▶ [Your assignment]
Wherever a picture appears in the listing, leave it out, and copy the rest exactly.

Start of Provided information

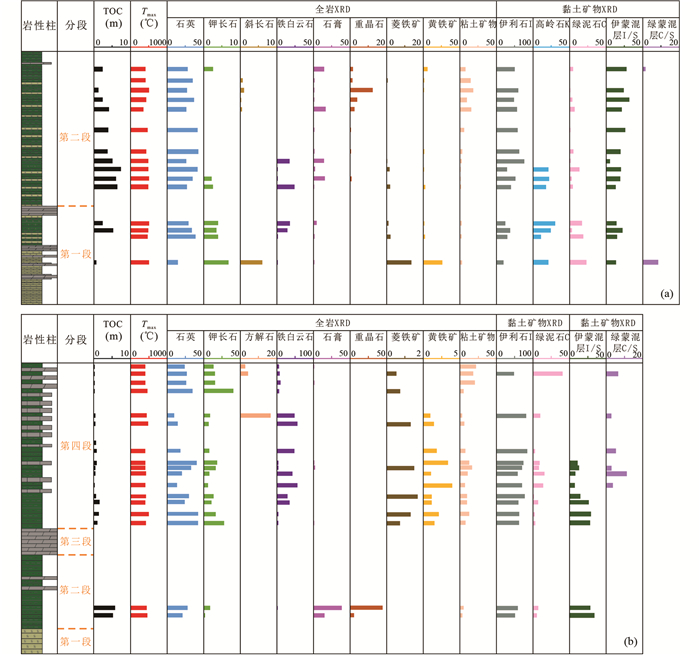 图 3 玉尔吐斯组黑色岩系典型剖面岩性、矿物组成和有机质特征综合柱状图 (a)什艾日克剖面; (b)昆盖阔坦剖面 Fig. 3 Charts showing lithology, mineralogy and organic matter characteristics of the Yurtus black rock series |
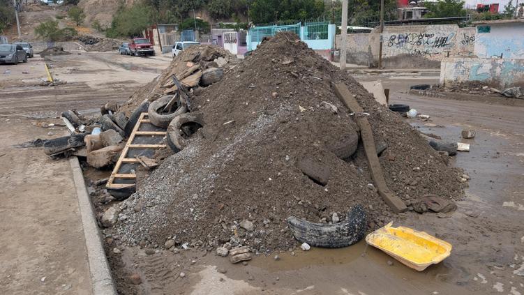 Las imágenes captadas en el lugar muestran el arroyo que pasa entre las calles Copilco y Paquimé arrastró grandes cantidades de desechos y sedimento.
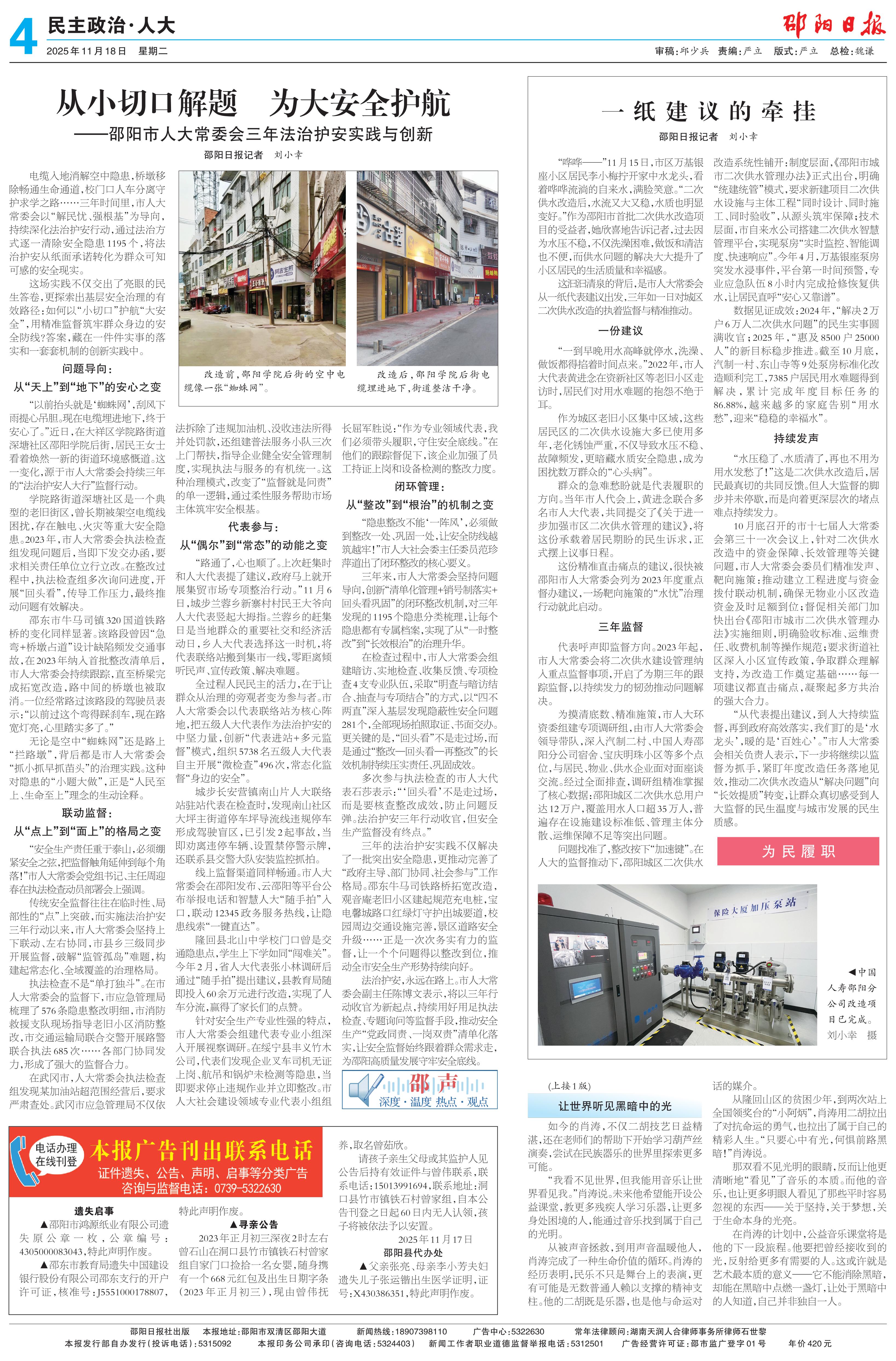 电缆入地消解空中隐患,桥墩移除畅通生命通道,校门口人车分离守护求学之路……三年时间里,市人大常委会以“解民忧、强根基”为导向,持续深化法治护安行动,通过法治方式逐一清除安全隐患1195个,将法治护安从纸面承诺转化为群众可知可感的安全现实。
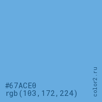 Цвет #67ACE0 в цветовой модели RGB обозначается тремя октетами (103, 172, 224) в десятичном формате и #67ACE0 в шестнадцатиричном (hex) формате, которые являются интенсивностью красного 103 (hex 67), интенсивность зелёного 172 (hex AC) и интенсивность синего 224 (hex E0).
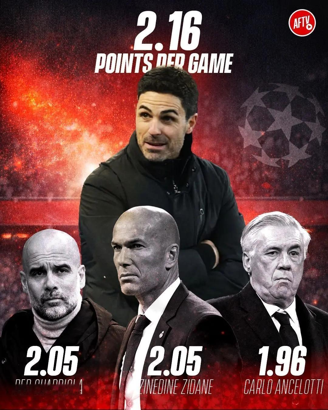 阿尔特塔带队踢欧冠,平均每场能拿2.16分,这成绩是欧冠历史上最高的!这个数据比瓜迪奥拉、齐达内的2.05分还高,也超过了安切洛蒂的1.96分。塔子哥的欧冠执教水平是真的强,该给他足够的尊重。
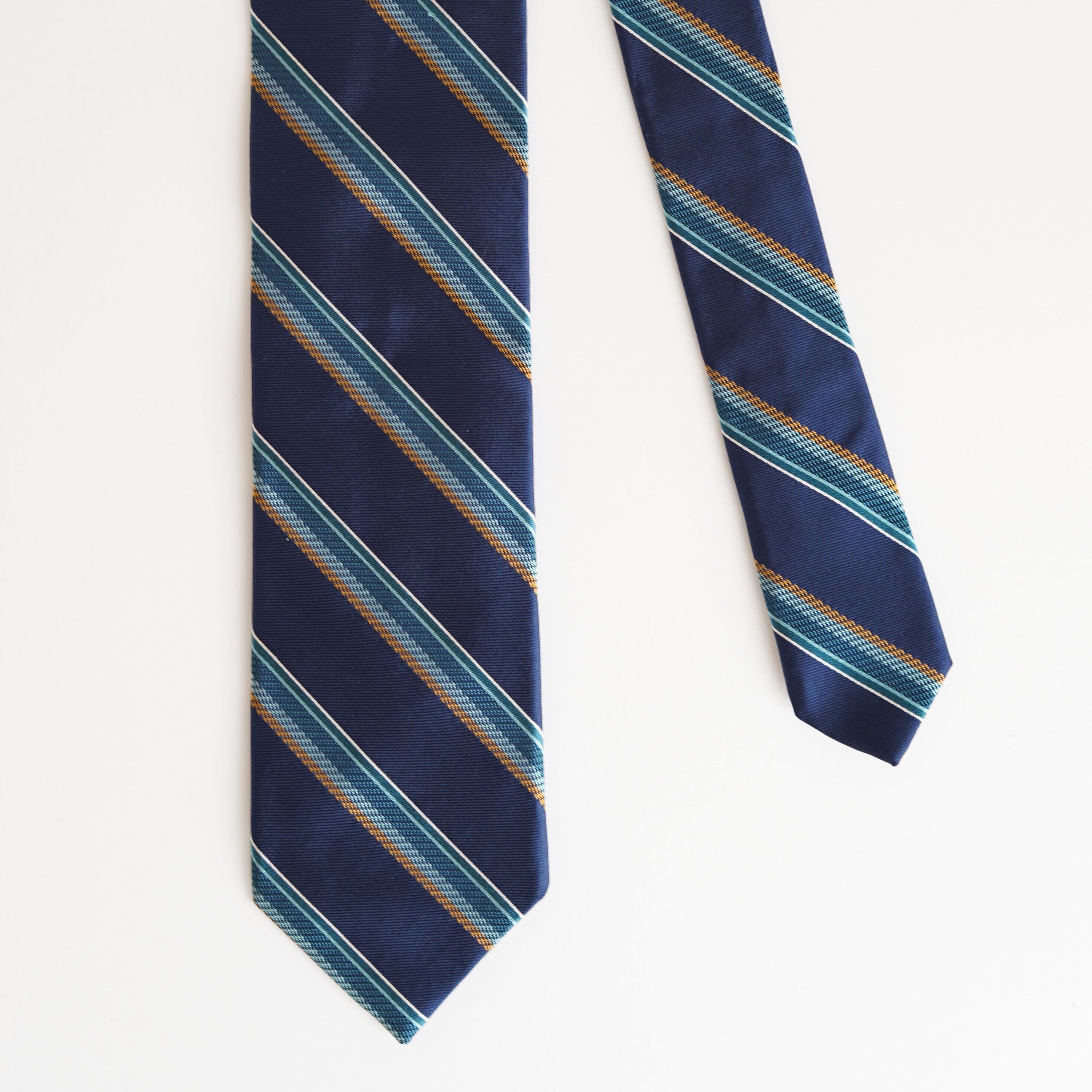 ボールスチュワートのレップタイは、ネイビーベースの落ち着いた色調が印象的な一本です。
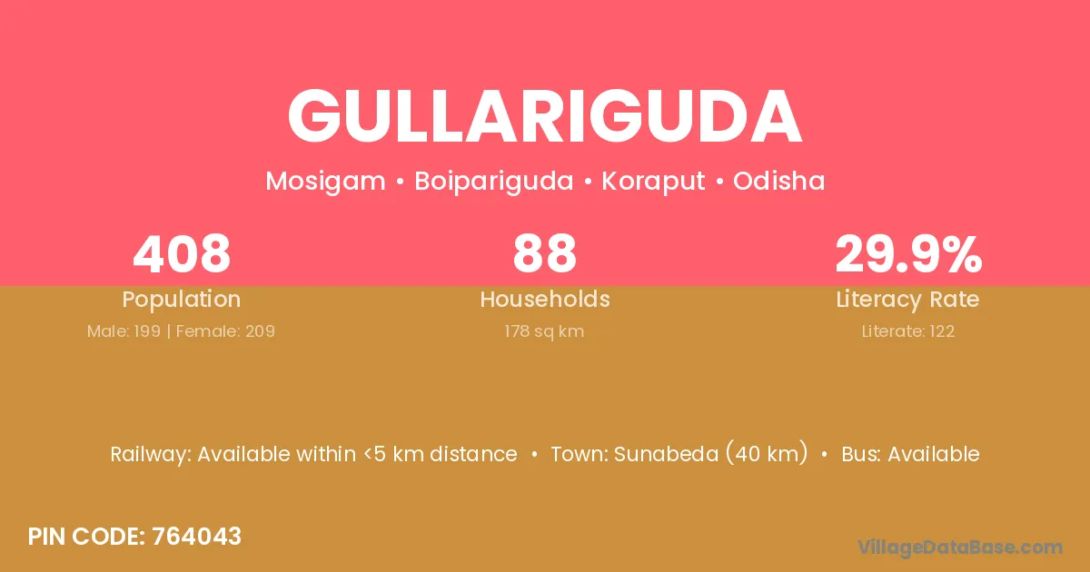 According to Census 2011 information, the village code of Gullariguda village is 764043.

End of Provided information

▶ [Written response]
 图 3 玉尔吐斯组黑色岩系典型剖面岩性、矿物组成和有机质特征综合柱状图 (a)什艾日克剖面; (b)昆盖阔坦剖面 Fig. 3 Charts showing lithology, mineralogy and organic matter characteristics of the Yurtus black rock series |
 Las imágenes captadas en el lugar muestran el arroyo que pasa entre las calles Copilco y Paquimé arrastró grandes cantidades de desechos y sedimento.
 电缆入地消解空中隐患,桥墩移除畅通生命通道,校门口人车分离守护求学之路……三年时间里,市人大常委会以“解民忧、强根基”为导向,持续深化法治护安行动,通过法治方式逐一清除安全隐患1195个,将法治护安从纸面承诺转化为群众可知可感的安全现实。
 Цвет #67ACE0 в цветовой модели RGB обозначается тремя октетами (103, 172, 224) в десятичном формате и #67ACE0 в шестнадцатиричном (hex) формате, которые являются интенсивностью красного 103 (hex 67), интенсивность зелёного 172 (hex AC) и интенсивность синего 224 (hex E0).
 阿尔特塔带队踢欧冠,平均每场能拿2.16分,这成绩是欧冠历史上最高的!这个数据比瓜迪奥拉、齐达内的2.05分还高,也超过了安切洛蒂的1.96分。塔子哥的欧冠执教水平是真的强,该给他足够的尊重。
 ボールスチュワートのレップタイは、ネイビーベースの落ち着いた色調が印象的な一本です。
 According to Census 2011 information, the village code of Gullariguda village is 764043.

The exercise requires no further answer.